TO DO: Only the lines in the entries below from the line with "People line up" to the line with "One or more", both included, belong in the answer, transcribed exactly and without pictures.

DATA RECORDS:
BEGIN

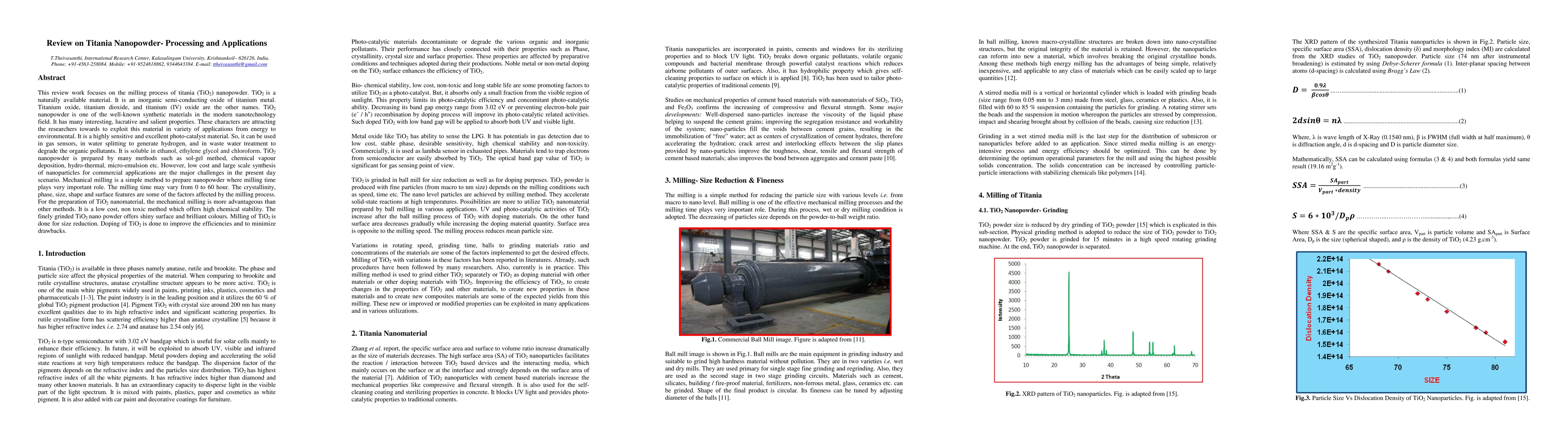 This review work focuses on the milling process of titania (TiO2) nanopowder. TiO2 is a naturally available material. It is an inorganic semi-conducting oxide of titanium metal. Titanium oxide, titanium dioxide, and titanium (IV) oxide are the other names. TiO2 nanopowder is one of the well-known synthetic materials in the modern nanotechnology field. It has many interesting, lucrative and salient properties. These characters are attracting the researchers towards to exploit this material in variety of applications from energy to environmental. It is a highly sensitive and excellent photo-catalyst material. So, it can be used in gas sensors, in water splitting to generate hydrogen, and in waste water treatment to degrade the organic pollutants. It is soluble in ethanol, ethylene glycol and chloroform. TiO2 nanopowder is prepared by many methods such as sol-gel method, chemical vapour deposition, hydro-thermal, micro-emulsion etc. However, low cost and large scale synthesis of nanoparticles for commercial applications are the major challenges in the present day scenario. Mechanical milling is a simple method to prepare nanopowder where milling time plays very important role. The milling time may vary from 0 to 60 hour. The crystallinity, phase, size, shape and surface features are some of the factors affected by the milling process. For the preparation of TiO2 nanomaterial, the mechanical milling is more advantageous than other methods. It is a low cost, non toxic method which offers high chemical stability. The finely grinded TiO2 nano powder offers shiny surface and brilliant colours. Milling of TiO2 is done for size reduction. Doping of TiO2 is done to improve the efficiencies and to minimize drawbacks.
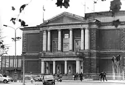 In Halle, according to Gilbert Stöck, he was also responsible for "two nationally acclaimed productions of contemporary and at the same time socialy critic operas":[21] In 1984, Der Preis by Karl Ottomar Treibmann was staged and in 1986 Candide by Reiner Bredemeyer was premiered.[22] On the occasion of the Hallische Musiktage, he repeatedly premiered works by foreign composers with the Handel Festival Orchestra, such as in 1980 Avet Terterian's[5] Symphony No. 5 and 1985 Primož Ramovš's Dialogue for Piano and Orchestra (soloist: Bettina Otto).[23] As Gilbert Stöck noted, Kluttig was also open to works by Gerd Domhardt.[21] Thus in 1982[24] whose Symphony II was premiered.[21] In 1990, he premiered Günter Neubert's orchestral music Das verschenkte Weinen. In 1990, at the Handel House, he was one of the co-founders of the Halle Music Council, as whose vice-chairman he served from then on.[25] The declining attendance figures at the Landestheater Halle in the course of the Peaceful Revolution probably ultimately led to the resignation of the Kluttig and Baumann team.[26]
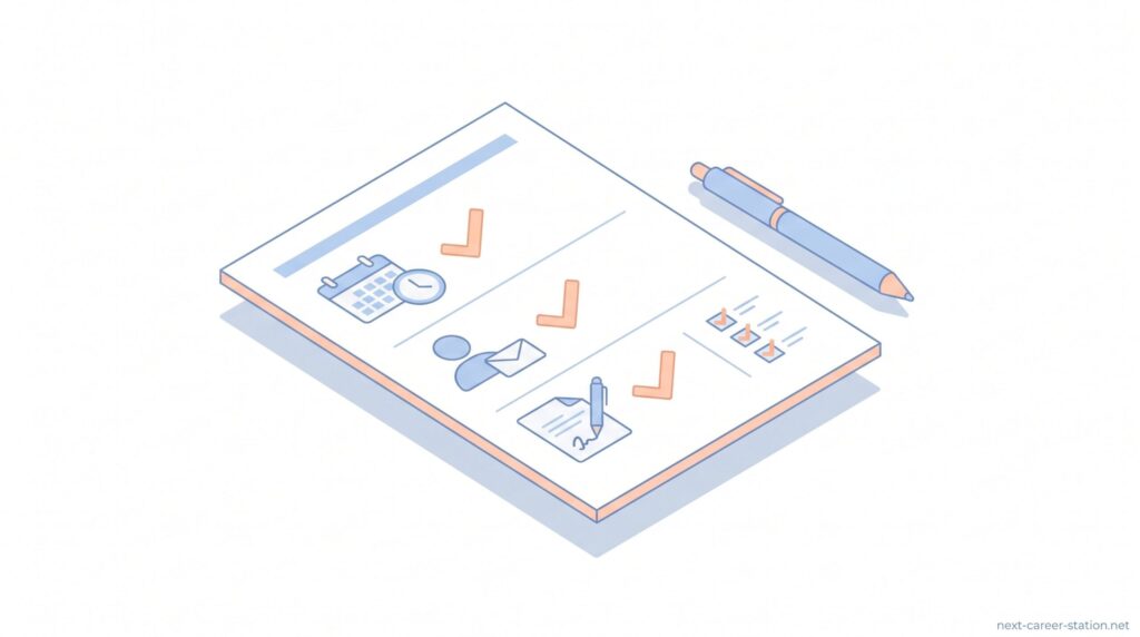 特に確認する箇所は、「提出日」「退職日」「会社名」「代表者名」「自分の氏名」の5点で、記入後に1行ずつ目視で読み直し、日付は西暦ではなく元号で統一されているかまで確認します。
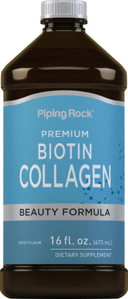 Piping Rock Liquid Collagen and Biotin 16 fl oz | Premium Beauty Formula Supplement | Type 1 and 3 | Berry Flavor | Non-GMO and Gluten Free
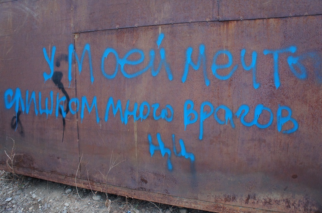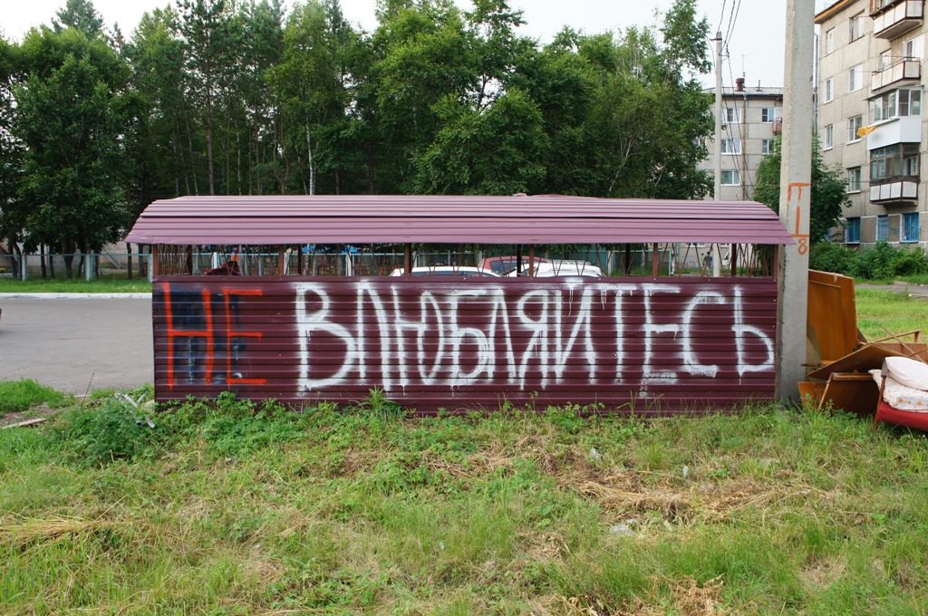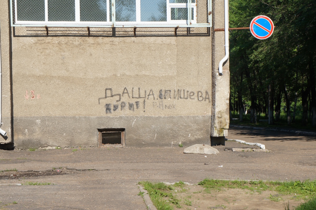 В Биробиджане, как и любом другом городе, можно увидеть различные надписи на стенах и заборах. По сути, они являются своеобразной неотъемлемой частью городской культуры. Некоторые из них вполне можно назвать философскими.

END
BEGIN

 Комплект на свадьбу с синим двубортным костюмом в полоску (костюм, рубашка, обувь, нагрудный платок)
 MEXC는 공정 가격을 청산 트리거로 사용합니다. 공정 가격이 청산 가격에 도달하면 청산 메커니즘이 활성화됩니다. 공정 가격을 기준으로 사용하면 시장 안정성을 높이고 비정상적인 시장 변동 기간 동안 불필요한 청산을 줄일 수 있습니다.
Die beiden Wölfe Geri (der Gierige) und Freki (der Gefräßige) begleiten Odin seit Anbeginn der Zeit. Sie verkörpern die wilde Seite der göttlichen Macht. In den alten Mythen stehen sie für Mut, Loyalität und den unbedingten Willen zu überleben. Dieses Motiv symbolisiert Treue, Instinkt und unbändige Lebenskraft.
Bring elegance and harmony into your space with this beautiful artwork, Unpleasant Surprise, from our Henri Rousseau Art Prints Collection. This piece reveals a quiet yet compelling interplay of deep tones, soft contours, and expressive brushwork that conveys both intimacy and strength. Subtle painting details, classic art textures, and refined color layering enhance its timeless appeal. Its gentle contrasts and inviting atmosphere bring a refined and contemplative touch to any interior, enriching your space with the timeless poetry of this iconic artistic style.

END
BEGIN

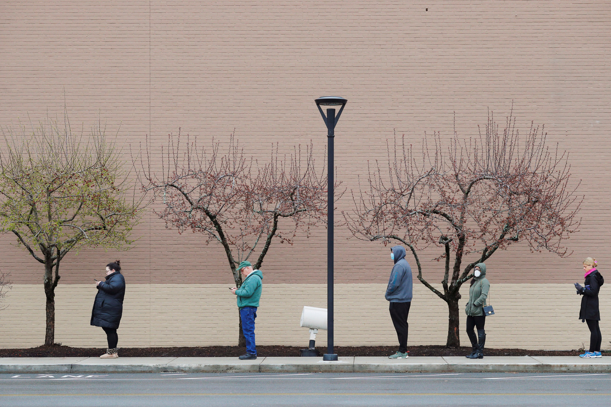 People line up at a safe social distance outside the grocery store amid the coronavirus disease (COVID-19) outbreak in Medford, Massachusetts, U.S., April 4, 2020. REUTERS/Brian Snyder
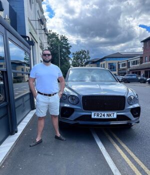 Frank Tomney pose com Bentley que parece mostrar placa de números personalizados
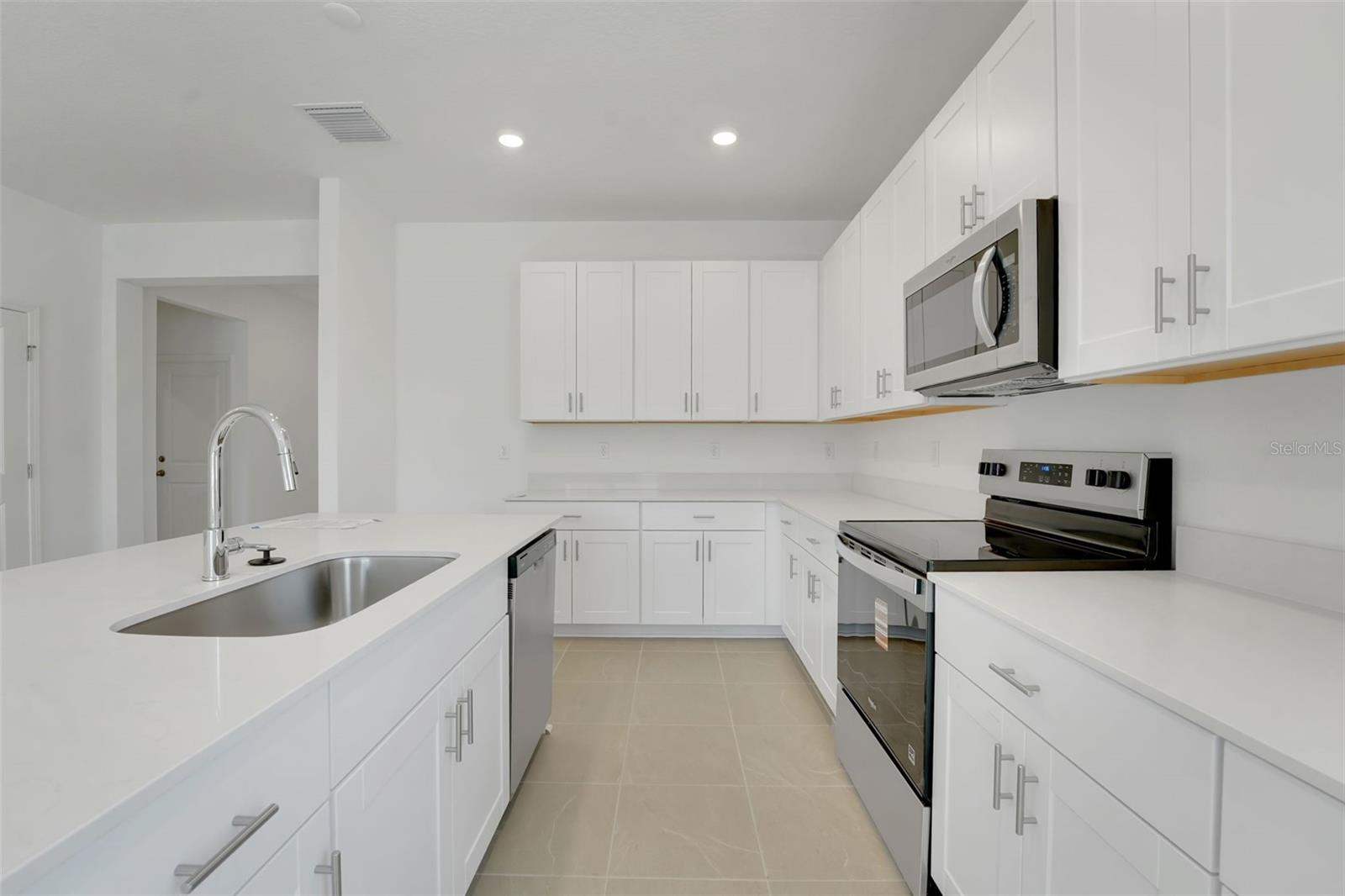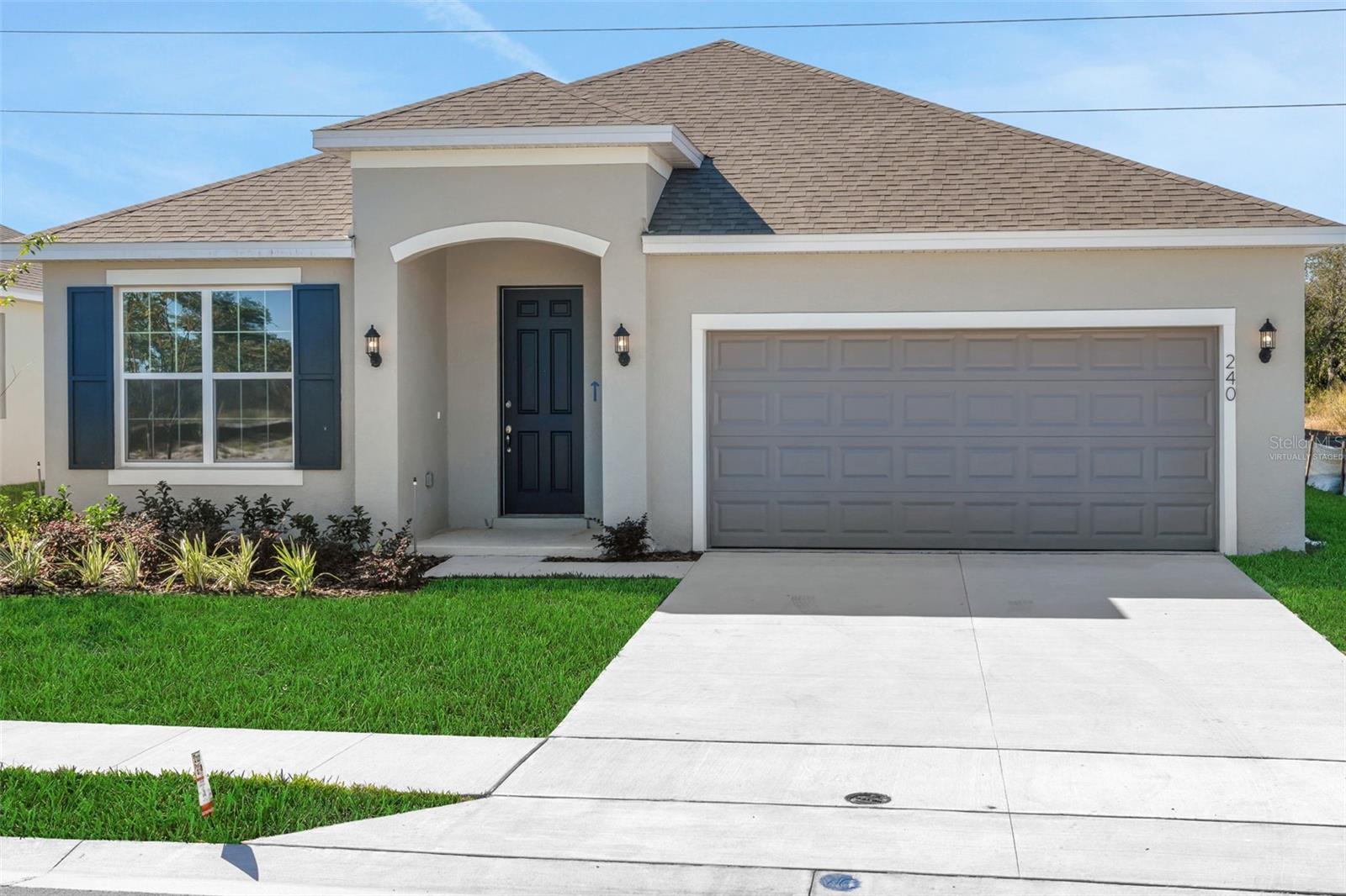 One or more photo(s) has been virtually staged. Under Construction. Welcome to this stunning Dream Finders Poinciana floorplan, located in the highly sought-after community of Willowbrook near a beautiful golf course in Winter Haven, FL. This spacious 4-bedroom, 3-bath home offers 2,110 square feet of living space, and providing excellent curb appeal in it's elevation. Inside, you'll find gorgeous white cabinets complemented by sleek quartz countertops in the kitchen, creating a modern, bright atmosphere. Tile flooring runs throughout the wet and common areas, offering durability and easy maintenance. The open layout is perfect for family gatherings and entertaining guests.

END

THE ANSWER:
 People line up at a safe social distance outside the grocery store amid the coronavirus disease (COVID-19) outbreak in Medford, Massachusetts, U.S., April 4, 2020. REUTERS/Brian Snyder
 Frank Tomney pose com Bentley que parece mostrar placa de números personalizados
 One or more photo(s) has been virtually staged. Under Construction. Welcome to this stunning Dream Finders Poinciana floorplan, located in the highly sought-after community of Willowbrook near a beautiful golf course in Winter Haven, FL. This spacious 4-bedroom, 3-bath home offers 2,110 square feet of living space, and providing excellent curb appeal in it's elevation. Inside, you'll find gorgeous white cabinets complemented by sleek quartz countertops in the kitchen, creating a modern, bright atmosphere. Tile flooring runs throughout the wet and common areas, offering durability and easy maintenance. The open layout is perfect for family gatherings and entertaining guests.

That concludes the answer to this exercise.